Turns out, though, that when the talking heads and government agencies tot up the "damage" caused by the sixteen day 2013 shutdown, they figure it cost the economy around $21 billion. Sounds terrible right?  In describing the impact, however, they mention casually (hoping you don't notice) that during the shutdown, the government didn't spend 10 billion dollars a week. Let's see. Let me add that up in my head. That works out to a little over 1.42 billion per day. Multiply by 16 days and you get around 22.8 billion dollars the government didn't spend. That's a bit more than 21 billion in taxpayer dollars that the government was unable to spend during the shutdown (you can't keep them from spending altogether so they did manage to apparently spend at least 1.8 billion dollars somehow.

And when it was all said and done,  in 2013, right after the terrible 16 day government shutdown in October, the world went on spending and doing business quite well on its own. Some might argue that the economy bounced back nicely, perhaps with even more vigor from having had the government monkey off their back for 16 days.The CNBC (decidedly not a conservative media outlet) led it's 2013  annual year-end report with this headline:

Wall Street closes 2013 at records;
Best year in 16 for Standard and Poor, 18 for Dow


 I think someone on Wall Street should have sent thank you cards to Ted Cruz, Mike Lee, Michelle Bachman, Louis Gohmert, Marsha Blackburn and the rest of those terrible Tea Party people.  What do you want to bet that they didn't? So Ronald Reagan seems to have been correct when he told Johnny Carson we could send the government away for 3 weeks and not notice. Of course you don't shut down the essential stuff like the military and the air traffic controllers and such. You only send off the "nonessential" personnel.

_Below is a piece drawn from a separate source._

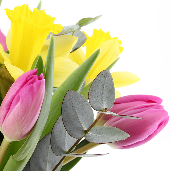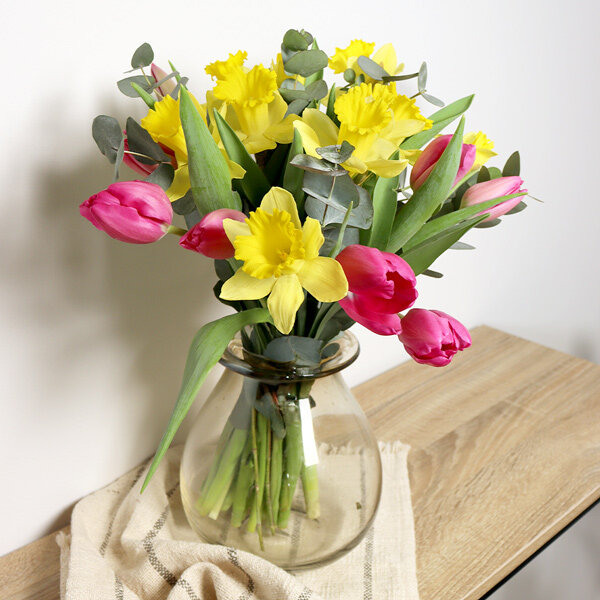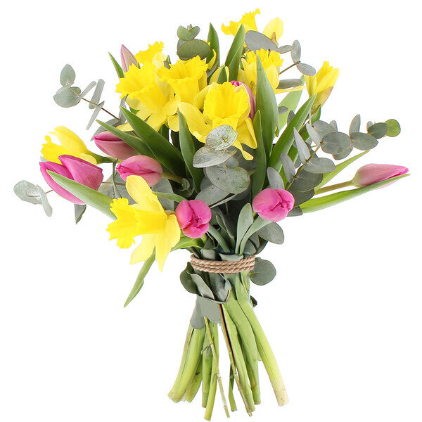 Du jaune qui chante, du rose qui murmure, Soleis réunit deux fleurs emblématiques du printemps dans un seul bouquet généreux. Dix tulipes roses aux pétales soyeux côtoient dix grandes jonquilles dorées, rehaussées d'un feuillage d'eucalyptus pour apporter volume et fraîcheur. Ensemble, ils forment une composition lumineuse qui fait entrer la saison dans n'importe quelle pièce, avant même que le soleil s'en charge.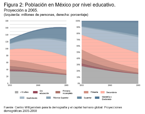 En México, la proporción de la población que cuenta con educación superior completa se incrementó de forma significativa en las últimas décadas (Figura 1), pasando de menos de 5% en 1980 a cerca de 10% en 2010(1). Se estima que esta proporción llegue a niveles cercanos a 20% en 2040, manteniendo uno de los porcentajes más altos en América Latina dentro de este rubro. En contraste, se estima que en México el porcentaje de personas entre 25 y 64 años que cuentan con estudios de posgrado se encuentra alrededor del 1.4% de la población(2) y para los próximos 20 años no se espera que esta proporción supere el 2% de la población mayor a 15 años (Figura 2).

Listen to that again. You only send off the "nonessential" personnel and shut down nonessential services during a government shutdown. Apparently those "nonessential" personnel are costing you and me 10 billion dollars a week. Does it occur to anyone else that we might could find a few things to trim from our budget since they are already neatly categorized into the "nonessential" category.

I'm living on a fixed budget, with bad knees and a disabled family member to care for. My personal budget is pretty much limited to essentials these days. I understand about making do without some nonessentials and getting creative with my spending. Shouldn't our government be at least a little more careful about nonessential spending? Doing so doesn't seem to harm our robust, still semi-free market economy. I think we might be able to adapt to a little frugality. We could start by putting the savings back into social security from which the Congress has been stealing for years.

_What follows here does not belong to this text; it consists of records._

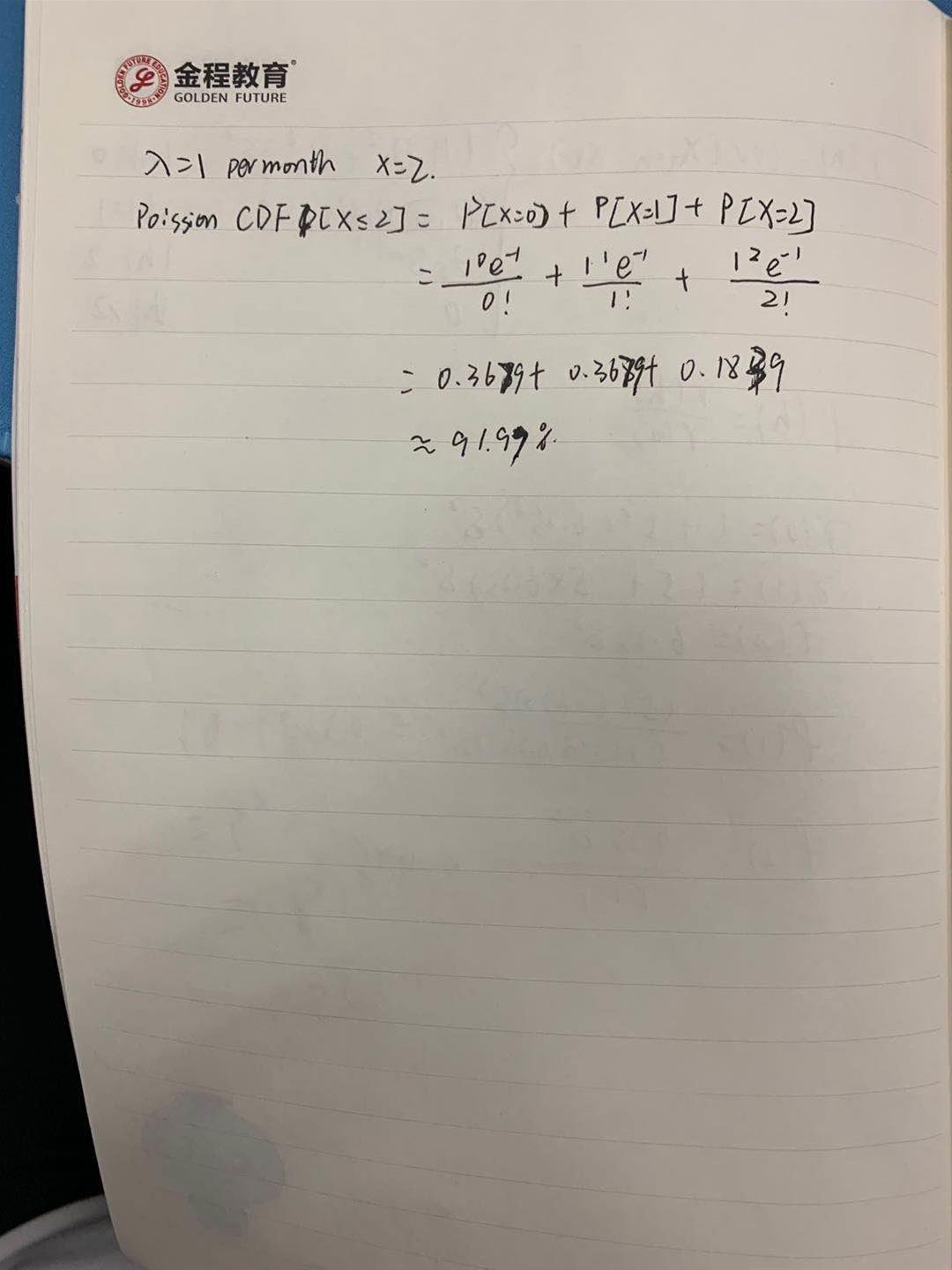 同学你好,关于这个问题的具体解题步骤写在附图里面,这样看起来会比较清晰。这个题目就是考察泊松分布的公式应用,只用到附图中用到的变量,希望可以帮助到你哦。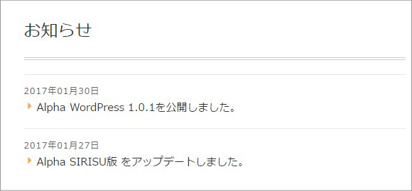 個々のphp(index.php・single.phpなど)のカスタマイズ内容をテキストファイルにまとめておきます。Alphaメンバーサイトのお知らせでバージョンアップ情報を掲載しています。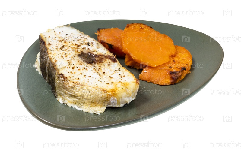 Стейк из запеченной трески с ломтиками отварного батата

This election cycle we have two candidates for "Dear Leader" lined up, both of whom are very fond of spending ?other people's money" - Clinton the taxpayer's money and Trump* his suckers, uh, investors money.  Hopefully people will at least vote for down ballot conservatives like the Cruz and the rest that I mentioned above. A solid conservative block in Congress would at least have the power to shut the government down, if only for two or three weeks.

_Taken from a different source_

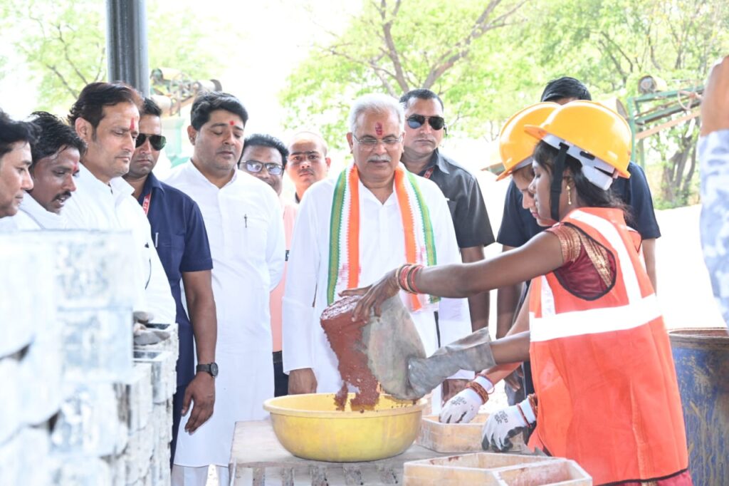 जरवाय के सीएंडडी प्लांट में पेवर ब्लॉक संयंत्र निर्माण का अवलोकन करते हुए मुख्यमंत्री श्री बघेल ने यहां पर काम करने वाली अटारी गांव की आरती डहरे से पूछा कि प्रतिदिन कितनी आमदनी होती है ? आरती ने बताया कि प्रतिदिन 200 रुपये कमा लेती हूं। आरती ने बताया कि प्रतिदिन यहां पर 2500 पेवर ब्लॉक का निर्माण किया जाता है। आरती ने मुख्यमंत्री से कहा कि यह पहल रोजगार प्रदान करने की दिशा में एक अच्छी शुरुआत है। वहीं मुख्यमंत्री ने उन्हें शुभकामनाएं दीं।

I'm with Reagan. Let's send the government on a mandatory three week vacation once in a while, if only to remind some of them that they are, after all, nonessential!

Just sayin'


© 2016 by Tom King

* And before you Trumpians jump on me, you should read Trump's books - especially the part about using other people's money. Trump dearly loves making other people pay for his projects. He used 160 million dollars of George Soros' money to build Trump Towers in Chicago when he ran out of other other people's money.